▼

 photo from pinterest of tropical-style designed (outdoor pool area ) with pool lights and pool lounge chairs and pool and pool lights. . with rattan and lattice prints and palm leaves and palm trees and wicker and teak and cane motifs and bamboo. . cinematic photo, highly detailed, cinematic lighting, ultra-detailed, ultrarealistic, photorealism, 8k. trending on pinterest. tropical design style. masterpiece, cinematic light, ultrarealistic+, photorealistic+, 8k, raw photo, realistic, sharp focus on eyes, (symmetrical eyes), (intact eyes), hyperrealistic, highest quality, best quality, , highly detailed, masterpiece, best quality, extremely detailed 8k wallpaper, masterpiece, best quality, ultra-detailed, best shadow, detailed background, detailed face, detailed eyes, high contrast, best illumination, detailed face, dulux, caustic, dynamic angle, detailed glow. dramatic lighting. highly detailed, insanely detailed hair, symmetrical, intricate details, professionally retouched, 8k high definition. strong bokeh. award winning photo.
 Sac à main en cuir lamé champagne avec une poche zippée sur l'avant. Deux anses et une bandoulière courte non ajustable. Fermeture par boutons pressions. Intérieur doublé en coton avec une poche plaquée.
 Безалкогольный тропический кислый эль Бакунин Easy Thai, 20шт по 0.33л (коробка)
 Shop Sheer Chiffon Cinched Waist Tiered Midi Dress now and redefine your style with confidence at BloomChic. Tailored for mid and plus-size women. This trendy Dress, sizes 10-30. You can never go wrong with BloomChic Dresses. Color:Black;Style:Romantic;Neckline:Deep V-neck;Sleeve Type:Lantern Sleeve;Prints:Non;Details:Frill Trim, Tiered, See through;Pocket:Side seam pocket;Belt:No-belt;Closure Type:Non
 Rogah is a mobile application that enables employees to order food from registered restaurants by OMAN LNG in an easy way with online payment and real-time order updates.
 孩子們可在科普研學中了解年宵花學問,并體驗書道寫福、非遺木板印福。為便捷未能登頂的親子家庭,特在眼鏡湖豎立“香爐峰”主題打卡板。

▲

Nothing in the records may be left out; transcribe all of them exactly.

- **Reply**:
 photo from pinterest of tropical-style designed (outdoor pool area ) with pool lights and pool lounge chairs and pool and pool lights. . with rattan and lattice prints and palm leaves and palm trees and wicker and teak and cane motifs and bamboo. . cinematic photo, highly detailed, cinematic lighting, ultra-detailed, ultrarealistic, photorealism, 8k. trending on pinterest. tropical design style. masterpiece, cinematic light, ultrarealistic+, photorealistic+, 8k, raw photo, realistic, sharp focus on eyes, (symmetrical eyes), (intact eyes), hyperrealistic, highest quality, best quality, , highly detailed, masterpiece, best quality, extremely detailed 8k wallpaper, masterpiece, best quality, ultra-detailed, best shadow, detailed background, detailed face, detailed eyes, high contrast, best illumination, detailed face, dulux, caustic, dynamic angle, detailed glow. dramatic lighting. highly detailed, insanely detailed hair, symmetrical, intricate details, professionally retouched, 8k high definition. strong bokeh. award winning photo.
 Sac à main en cuir lamé champagne avec une poche zippée sur l'avant. Deux anses et une bandoulière courte non ajustable. Fermeture par boutons pressions. Intérieur doublé en coton avec une poche plaquée.
 Безалкогольный тропический кислый эль Бакунин Easy Thai, 20шт по 0.33л (коробка)
 Shop Sheer Chiffon Cinched Waist Tiered Midi Dress now and redefine your style with confidence at BloomChic. Tailored for mid and plus-size women. This trendy Dress, sizes 10-30. You can never go wrong with BloomChic Dresses. Color:Black;Style:Romantic;Neckline:Deep V-neck;Sleeve Type:Lantern Sleeve;Prints:Non;Details:Frill Trim, Tiered, See through;Pocket:Side seam pocket;Belt:No-belt;Closure Type:Non
 Rogah is a mobile application that enables employees to order food from registered restaurants by OMAN LNG in an easy way with online payment and real-time order updates.
 孩子們可在科普研學中了解年宵花學問,并體驗書道寫福、非遺木板印福。為便捷未能登頂的親子家庭,特在眼鏡湖豎立“香爐峰”主題打卡板。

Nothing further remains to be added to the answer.